Funding source: American Cancer Society
Principal Investigator: Shi-Yi Wang
The IN4M Study: Quantifying physical function in cancer patients undergoing chemotherapy using clinician- and patient- reports along with wearable device data

This study aims to understand the measurement characteristics and relationships among various physical function assessments and activity data collected from a wearable device in cancer patients undergoing chemotherapy. The goals of the research are to: (1) collect data on physical function using clinician- and patient-reported methods, performance measurement, and wearable devices; (2) compare the challenges associated with collecting information using each physical function assessment tool; (3) compare longitudinal changes in physical function with the likelihood and magnitude of side effects from chemotherapy; and (4) conduct a structured exit interview to evaluate burden and usability across the different physical function evaluation modalities and a wearable device.

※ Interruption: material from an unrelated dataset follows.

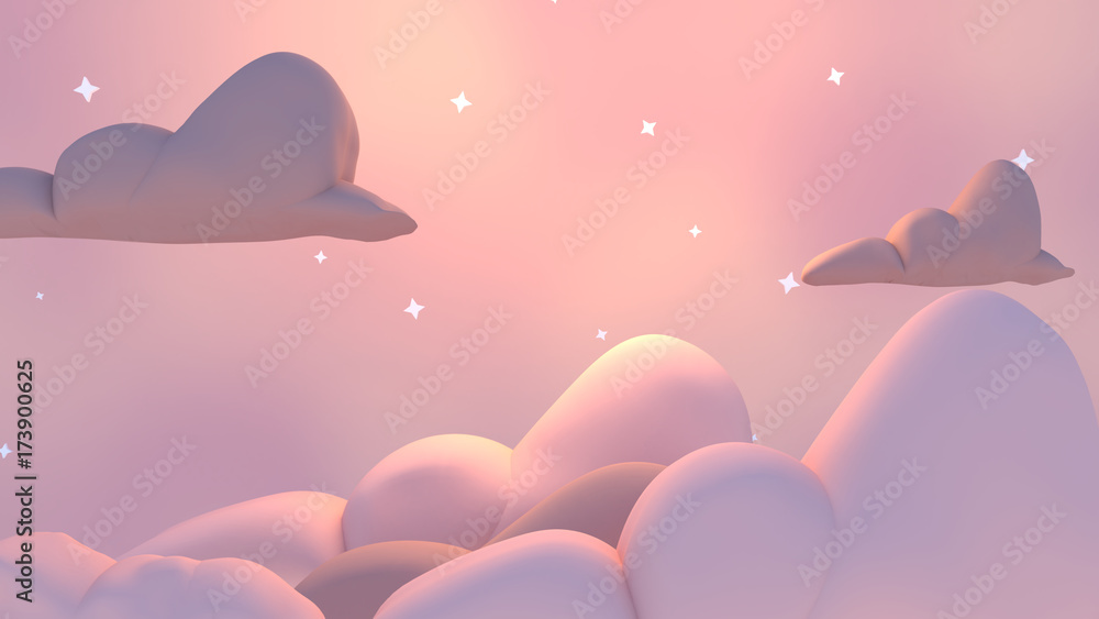 Beautiful cartoon pastel night sky. 3d rendering picture.

The ultimate goal of this project is to provide evidence and knowledge to guide the selection of PF assessment modality/tool(s) to be incorporated in cancer clinical trials as an endpoint for regulatory and treatment decisions.

Funding source: U.S. Food and Drug Administration
Principal Investigator: Cary Gross

Inpatient Therapy and Outcomes in Acute Myeloid Leukemia

Unlike many solid tumors, treatment for acute myeloid leukemia (AML) is often urgent and provided in the inpatient setting. Not all patients receive aggressive therapy – due to age or underlying fitness for cytotoxic chemotherapy regimens. Little is known about patterns of inpatient AML treatment, complications, and short term mortality. This study will use detailed data from the Premier Perspectives database to characterize patterns of induction therapy, complications, and in-hospital mortality for AML. By triangulating with data from SEER-Medicare, we seek to develop population-level estimates of inpatient and outpatient treatment and outcomes.